Your instructions —
Your job is to print, exactly, the lines in the data below from the line with "报告显示,2025 年,渝农" through the line with "Description: #2 FRAME", both included, and to omit any picture.

Supplied records —
####################

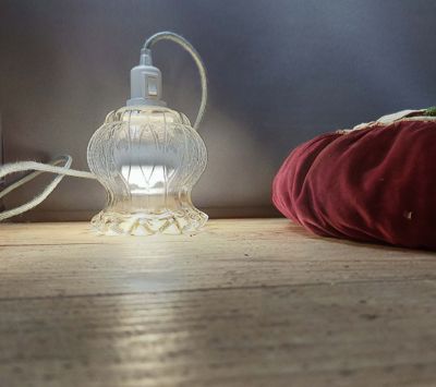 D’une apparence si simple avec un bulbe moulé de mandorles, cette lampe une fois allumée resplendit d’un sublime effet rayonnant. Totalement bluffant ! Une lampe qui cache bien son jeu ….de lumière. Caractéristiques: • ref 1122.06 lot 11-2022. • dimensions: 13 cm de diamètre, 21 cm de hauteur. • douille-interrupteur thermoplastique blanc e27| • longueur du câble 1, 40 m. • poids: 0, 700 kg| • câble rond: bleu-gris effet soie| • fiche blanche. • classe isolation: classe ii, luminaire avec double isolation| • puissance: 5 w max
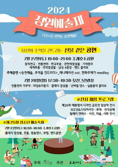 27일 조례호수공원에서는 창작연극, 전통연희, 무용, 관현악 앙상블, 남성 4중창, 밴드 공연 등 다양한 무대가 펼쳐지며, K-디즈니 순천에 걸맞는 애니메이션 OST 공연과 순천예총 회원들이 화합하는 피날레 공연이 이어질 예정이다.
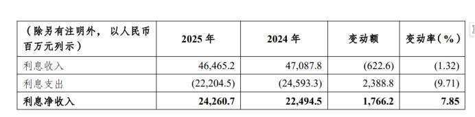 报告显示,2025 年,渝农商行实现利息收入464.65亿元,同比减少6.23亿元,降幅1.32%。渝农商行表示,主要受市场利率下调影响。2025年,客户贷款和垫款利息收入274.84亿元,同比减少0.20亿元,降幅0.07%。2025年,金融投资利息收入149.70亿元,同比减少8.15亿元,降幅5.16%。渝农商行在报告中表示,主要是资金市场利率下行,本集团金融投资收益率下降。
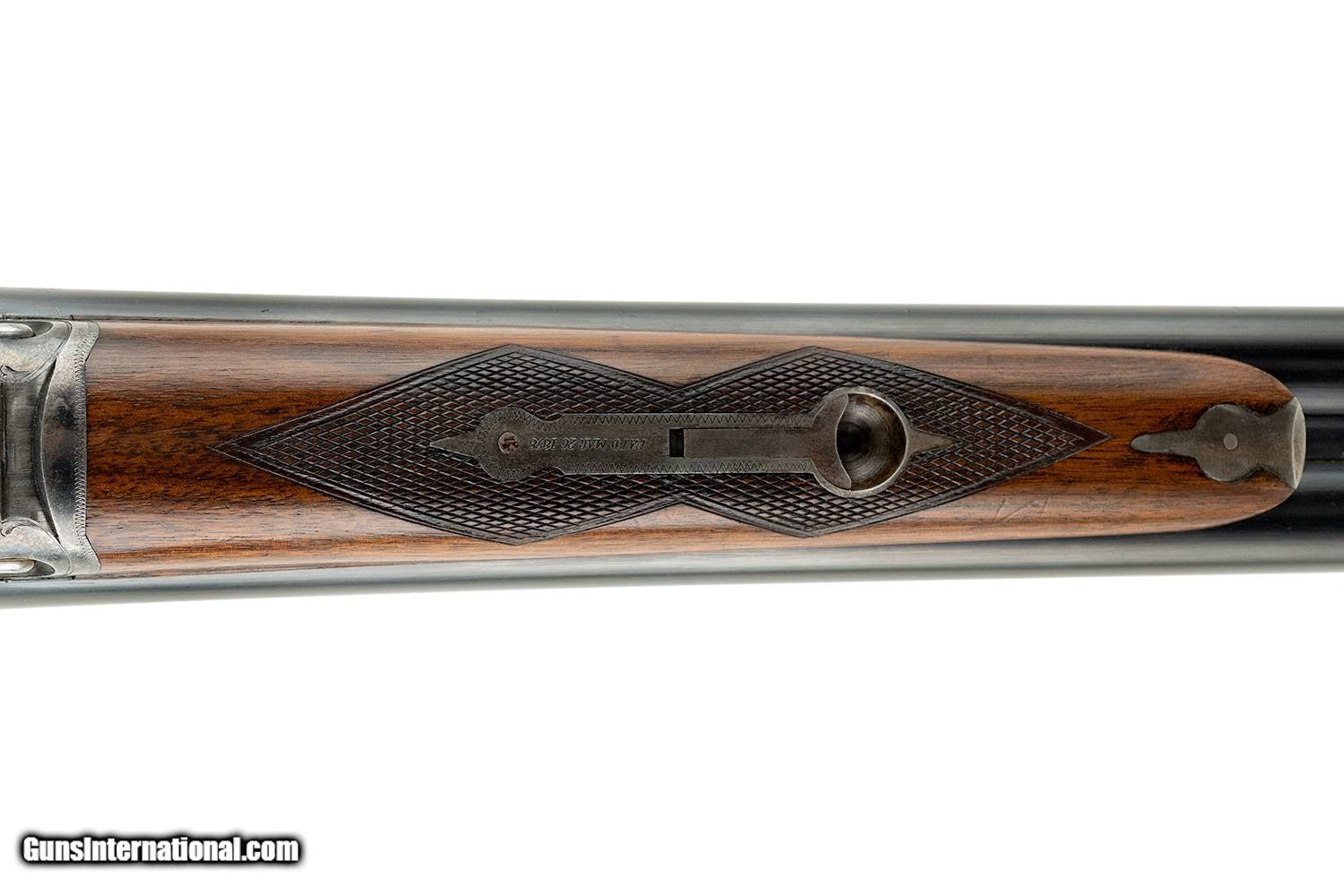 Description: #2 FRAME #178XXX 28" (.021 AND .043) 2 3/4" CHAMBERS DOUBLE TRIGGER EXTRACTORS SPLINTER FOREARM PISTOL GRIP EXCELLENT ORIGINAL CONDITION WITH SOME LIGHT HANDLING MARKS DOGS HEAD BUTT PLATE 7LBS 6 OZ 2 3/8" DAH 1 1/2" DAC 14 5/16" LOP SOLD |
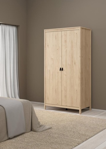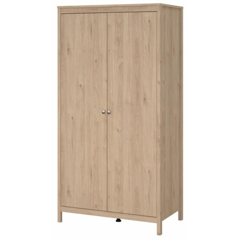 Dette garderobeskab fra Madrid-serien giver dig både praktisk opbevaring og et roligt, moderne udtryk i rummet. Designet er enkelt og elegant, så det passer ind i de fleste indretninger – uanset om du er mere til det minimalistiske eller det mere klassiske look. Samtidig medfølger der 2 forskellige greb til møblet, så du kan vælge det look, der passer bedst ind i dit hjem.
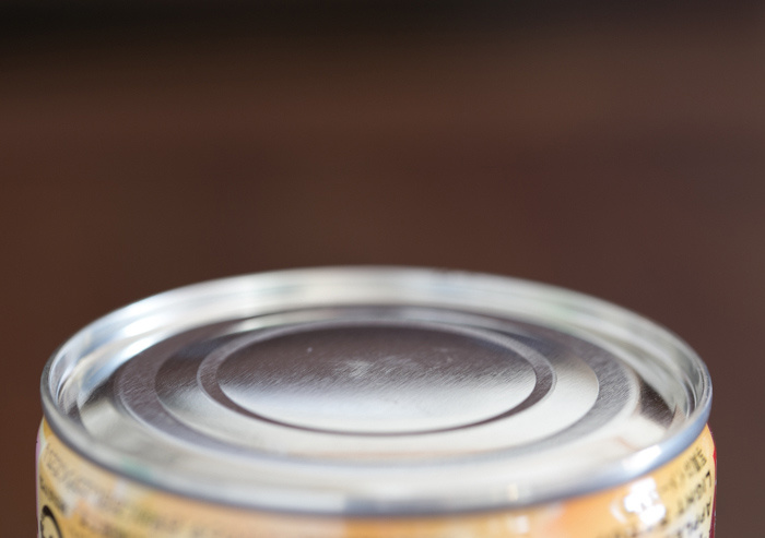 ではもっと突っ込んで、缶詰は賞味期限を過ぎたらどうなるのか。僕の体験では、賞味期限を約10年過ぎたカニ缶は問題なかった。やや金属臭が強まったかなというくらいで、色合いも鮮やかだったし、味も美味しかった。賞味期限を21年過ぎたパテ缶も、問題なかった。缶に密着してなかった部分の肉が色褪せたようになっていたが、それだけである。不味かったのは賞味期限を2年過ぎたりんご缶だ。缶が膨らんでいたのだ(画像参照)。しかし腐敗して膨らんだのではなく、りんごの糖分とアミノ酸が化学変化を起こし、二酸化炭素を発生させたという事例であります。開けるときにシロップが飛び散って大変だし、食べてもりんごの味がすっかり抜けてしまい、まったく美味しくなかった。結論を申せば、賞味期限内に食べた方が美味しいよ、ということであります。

####################

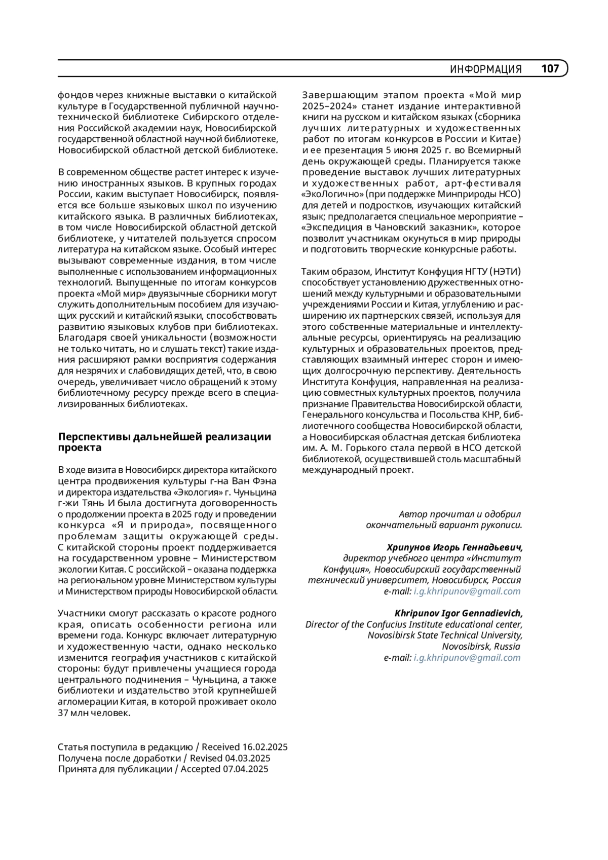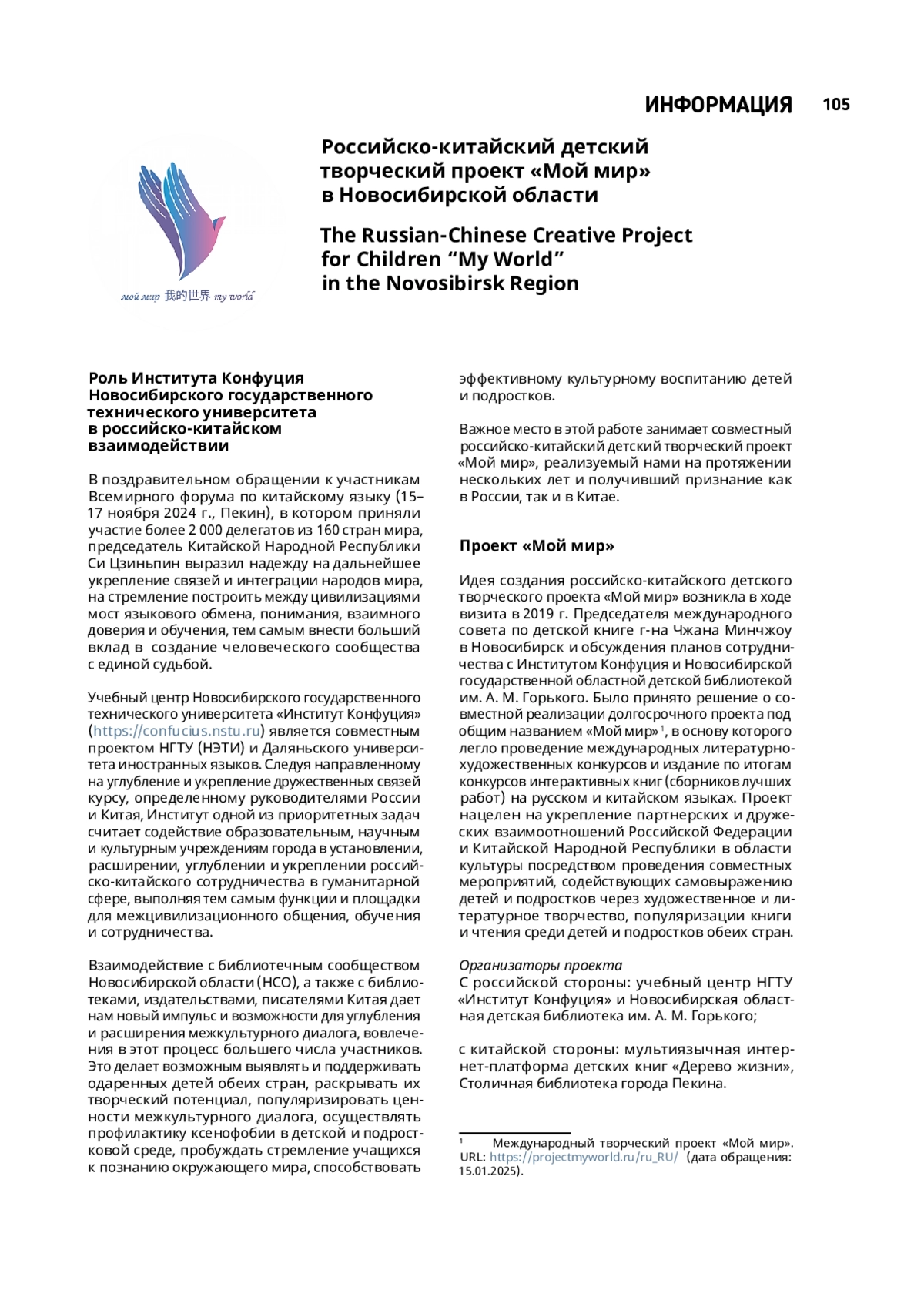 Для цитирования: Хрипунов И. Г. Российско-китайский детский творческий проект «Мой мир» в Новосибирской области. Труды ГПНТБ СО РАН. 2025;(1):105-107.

####################

Response area —
 报告显示,2025 年,渝农商行实现利息收入464.65亿元,同比减少6.23亿元,降幅1.32%。渝农商行表示,主要受市场利率下调影响。2025年,客户贷款和垫款利息收入274.84亿元,同比减少0.20亿元,降幅0.07%。2025年,金融投资利息收入149.70亿元,同比减少8.15亿元,降幅5.16%。渝农商行在报告中表示,主要是资金市场利率下行,本集团金融投资收益率下降。
 Description: #2 FRAME #178XXX 28" (.021 AND .043) 2 3/4" CHAMBERS DOUBLE TRIGGER EXTRACTORS SPLINTER FOREARM PISTOL GRIP EXCELLENT ORIGINAL CONDITION WITH SOME LIGHT HANDLING MARKS DOGS HEAD BUTT PLATE 7LBS 6 OZ 2 3/8" DAH 1 1/2" DAC 14 5/16" LOP SOLD |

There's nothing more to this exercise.